Packard told WMUR that after four recent House session days back in the close quarters of Representatives Hall, only one House member reported testing positive for COVID-19.

Cote said: “Allowing a small number of disabled representatives to attend and vote digitally would ensure that all citizens of New Hampshire are equitably represented by their legislators and that the laws passed respect the will of all Granite Staters.

“We strongly believe the decision of the original panel and the powerful dissent in this case were correct and will ultimately be vindicated,” Cote said.

 Cote was referring to the dissent in the 1st Circuit Court written by Circuit Court Judge O. Rogeriee Thompson joined by Circuit Judge William Kayatta Jr.

“As the COVID-19 pandemic raged to new heights in the winter of 2021, the New Hampshire House of Representatives conducted its sessions in person. Some members of the House have significant personal health issues, which put them at an increased risk of serious illness — or even death — if they were to contract COVID-19.

 “Facing the unenviable choice between public duty and death, they sued the Speaker of the House, in his official capacity, for disability discrimination. But the Speaker told the court it would need to bounce the suit altogether without further ado: He says he is entitled to absolute legislative immunity, which shields judicial review of a House rule effectively ousting disabled members from that august assembly and (here’s the kicker) leaving their constituents unrepresented. My colleagues agree with the Speaker’s sweeping claim of absolute legislative immunity.

“I cannot abide by the Court’s decision to turn a blind eye to the effective disenfranchisement of thousands of New Hampshire residents simply because their representatives are disabled. But it’s not just that. My colleagues also today lay the foundation to immunize any legislative rule that ‘does not, on its face, target any class of legislators’ — a standard so broad as to immunize race – and – religion-based discrimination, too (examples to follow shortly). The Court’s rule opens the floodgates to potential abuse and spells a recipe for disaster in the future. I respectfully dissent,” wrote Thompson.

The majority wrote that a “request for a preliminary injunction is a request for extraordinary relief.”

It can only be granted if the plaintiffs are likely to succeed and likely to suffer irreparable harm among other criteria, Barron wrote.

“We are mindful of the seriousness of the threat to public health that the COVID-19 virus poses,” Barron wrote for the majority. “Indeed, we have held our proceedings in this case remotely in accord with our own protocols for dealing with that threat. But, our task in this appeal is not to determine the most advisable means of conducting governmental operations during the pandemic.

“Nor is it to decide how the ADA’s and the RHA’s requirements to provide reasonable accommodations to those with medical vulnerabilities apply in the face of the peculiar risk that this specific virus presents.

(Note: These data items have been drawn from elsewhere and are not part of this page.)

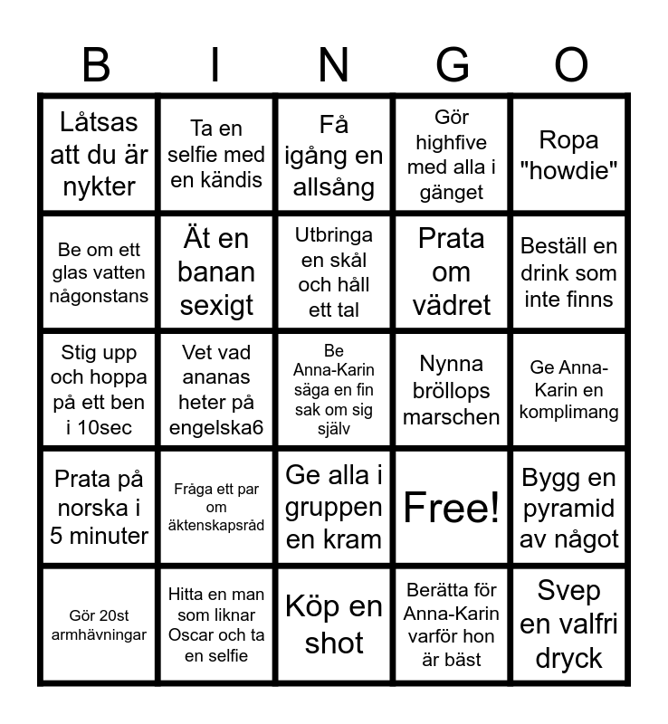 This bingo card has 25 words: Fråga ett par om äktenskapsråd, Köp en shot, Utbringa en skål och håll ett tal, Gör 20st armhävningar, Ropa "howdie", Låtsas att du är nykter, Be om ett glas vatten någonstans, Ta en selfie med en kändis, Nynna bröllops marschen, Ge alla i gruppen en kram, Prata om vädret, Stig upp och hoppa på ett ben i 10sec, Free!, Bygg en pyramid av något, Ät en banan sexigt, Svep en valfri dryck, Ge Anna-Karin en komplimang, Få igång en allsång, Beställ en drink som inte finns, Vet vad ananas heter på engelska6, Be Anna-Karin säga en fin sak om sig själv, Hitta en man som liknar Oscar och ta en selfie, Prata på norska i 5 minuter, Gör highfive med alla i gänget and Berätta för Anna-Karin varför hon är bäst.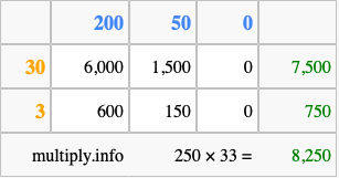 Below is an illustration showing you how to calculate 250 times 33 using the box method, using the instructions above.
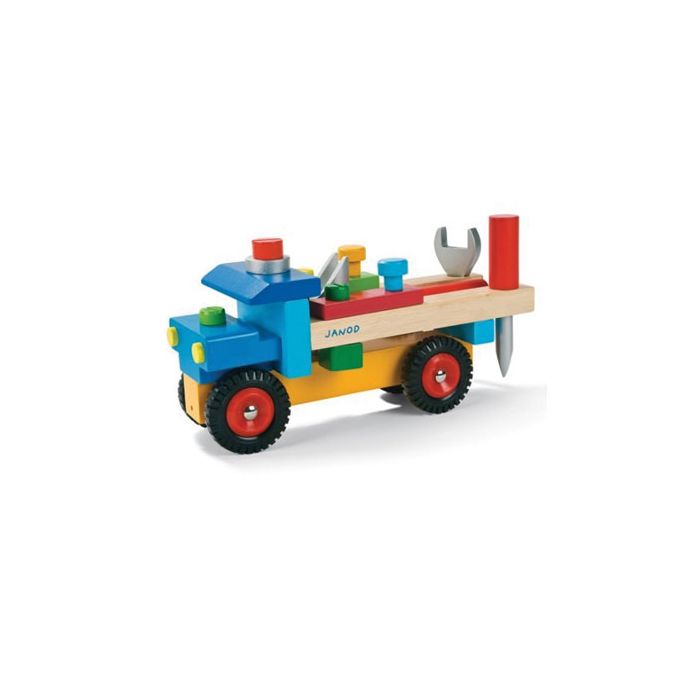 Ce joli camion en bois Janod est fourni avec 3 outils pour bricoler et 13 pièces.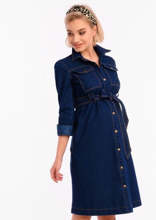 Джинсовое платье для беременных синего цвета длиной до колен. Рубашечный воротник, планка во всю длину на кнопках, длинные рукава на манжетах. Накладные карманы с клапанами на груди, карманы в боковых швах, тканевый пояс в тон, который можно заменить на любой другой. Платье для будущих мам подойдет на всем сроке беременности и после родов.
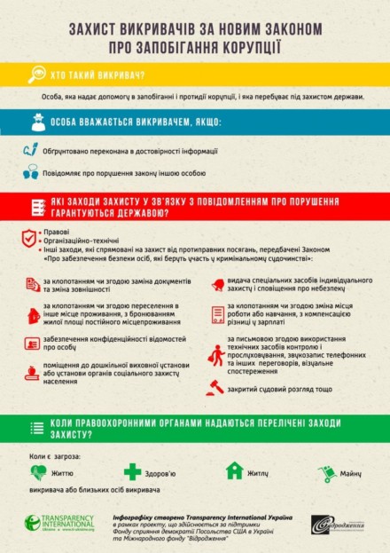 А вже 17 жовтня народні депутати ухвалили у другому читанні та в цілому проєкт закону №1010 щодо викривачів корупції. Закон набуде чинності 1 січня 2020 року. Згідно з ним, люди, які допомагають розкривати корупційні злочини, зможуть отримати від держави винагороду. Крім того, їм будуть гарантовані захист та анонімність.

 “It is solely to determine whether the District Court erred in holding that the Speaker’s assertion of legislative immunity prevents the plaintiffs from obtaining the preliminary injunctive relief that they seek,” Barron wrote.

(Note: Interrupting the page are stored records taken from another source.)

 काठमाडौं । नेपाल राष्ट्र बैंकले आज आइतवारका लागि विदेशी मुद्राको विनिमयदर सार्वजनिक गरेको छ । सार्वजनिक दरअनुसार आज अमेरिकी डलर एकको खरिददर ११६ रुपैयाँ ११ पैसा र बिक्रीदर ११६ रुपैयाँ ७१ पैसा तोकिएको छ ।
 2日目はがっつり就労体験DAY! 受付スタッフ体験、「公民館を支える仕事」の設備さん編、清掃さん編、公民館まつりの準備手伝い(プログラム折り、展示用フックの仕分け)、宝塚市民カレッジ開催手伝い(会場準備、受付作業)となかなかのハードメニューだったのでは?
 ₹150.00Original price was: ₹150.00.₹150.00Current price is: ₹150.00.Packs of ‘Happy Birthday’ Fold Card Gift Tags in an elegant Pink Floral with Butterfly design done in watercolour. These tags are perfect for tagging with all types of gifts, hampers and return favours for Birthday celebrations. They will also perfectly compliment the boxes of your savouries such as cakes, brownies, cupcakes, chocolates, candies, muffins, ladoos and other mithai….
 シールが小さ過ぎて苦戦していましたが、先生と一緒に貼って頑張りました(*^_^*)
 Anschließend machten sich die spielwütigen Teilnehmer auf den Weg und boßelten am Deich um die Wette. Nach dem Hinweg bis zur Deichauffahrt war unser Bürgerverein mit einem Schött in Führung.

Attorney Paul Twomey, who represents the plaintiffs, said the two dissenting judges got it right.

“The case will go back to the District Court and presumably have a meeting or hearing to see what’s next,” Twomey said.

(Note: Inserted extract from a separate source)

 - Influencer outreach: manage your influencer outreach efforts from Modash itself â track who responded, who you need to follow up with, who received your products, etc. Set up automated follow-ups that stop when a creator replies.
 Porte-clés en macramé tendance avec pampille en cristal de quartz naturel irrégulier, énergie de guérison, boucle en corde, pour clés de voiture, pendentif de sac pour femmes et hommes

Rep. Paul Berch, D-Westmoreland, also a plaintiff said, “While it is regrettable that the First Circuit Court of Appeals rejected our request for a permanent injunction, this is one step in a many stepped process.

“The plaintiffs and the legal team are assessing the different choices of where to go next. It is important to note that the First Circuit did not rule on the underlying issue- deciding whether the Speakers prerogatives in running the NH House are superior or subordinate to the right of disabled legislators to do their elected job with minimal accommodations under the Americans with Disabilities Act. This is an important lawsuit with national implications and does not end here,” Berch said.